One obvious performance issue with the previous scheme is that it requires an overhead of potentially hundreds of bytes of code in every packet. So we introduce the notion of "flows" to amortize the cost of specifying the mobile code. Each packet is associated with a flow. In TCP, the flow ID might be the (src host, dst host, src port, dst port) tuple. For other protocols, we might simply extend the packet format to allow for a 32-bit flow ID. We add a "set handler" IP option which allows endpoints to specify a single chunk of mobile code which will be run at the router every time a packet is received on the same flow. Thus one endpoint can send a packet with the "set handler" IP option and containing a lengthy chunk of mobile code; that mobile code will then be applied to all subsequent packets on that flow, and does not need to be sent again. This allows us to specify a chunk of mobile code once; then all subsequent packets in the flow will inherit the same code without incurring any bandwidth overhead.
It occurs to us that we might like to allow the mobile code to make routing policy decisions based on the payload of the packets, or even to compress packets for us on the fly when bandwidth is scarce. Since this might require scanning the entire packet and possibly interpreting higher-level protocols, we will need to be able to write loops in bytecode. Therefore, we eliminate the restriction on backwards jumps, and allow arbitrary control flow in the bytecode. To implement compression, the handler will need to be able to modify the contents of the packet. Therefore, we also relax our security policy so that handlers are allowed both read and write access to the packet itself. If the handler modifies the packet during execution, the router will forward the modified packet instead of the original contents. Also, we allow handlers to maintain state across packet reception events. Thus, when a new flow is created, we set aside a chunk of memory for use by that flow's handler; the handler is allowed read and write access only its own chunk of memory.

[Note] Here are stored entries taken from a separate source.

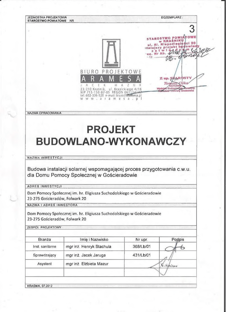 Oświadczam, że opracow any przeze mnie projekt branży sanitarnej w chodzący w skład projektu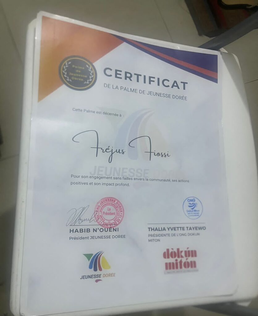 En recevant le Certificat de la Palme de Jeunesse dorée, Fiossi ajoute une nouvelle plume à son chapeau déjà bien garni. Ce certificat est une reconnaissance de son rôle en tant que catalyseur de changement positif et une célébration de sa contribution inestimable à la culture et à la société béninoises.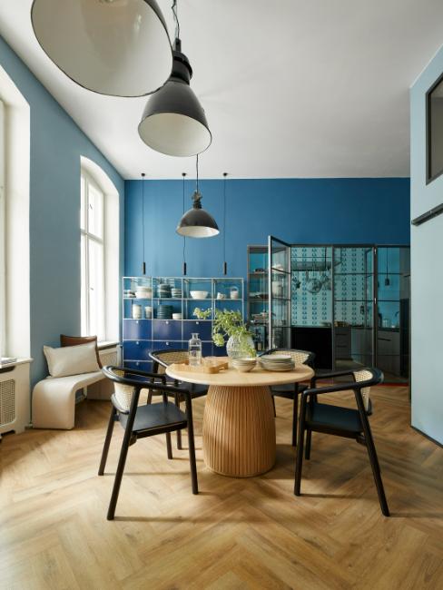 table dans salle à manger avec chaises en velours grises et assiettes noires westwing collection retro artsy

An astute reader points out that decompression may increase the size of a packet. If this exceeds the network's MTU, our decompression handler may need to send multiple packets. Therefore, we extend the scheme so that handlers can construct whole IP packets in their own memory space and invoke a special operation to send that packet over the wire.

Clarification (added 11/15): Don't forget: In each part, you should list security threats, and also propose a way that those threats could be addressed (e.g., propose a fix).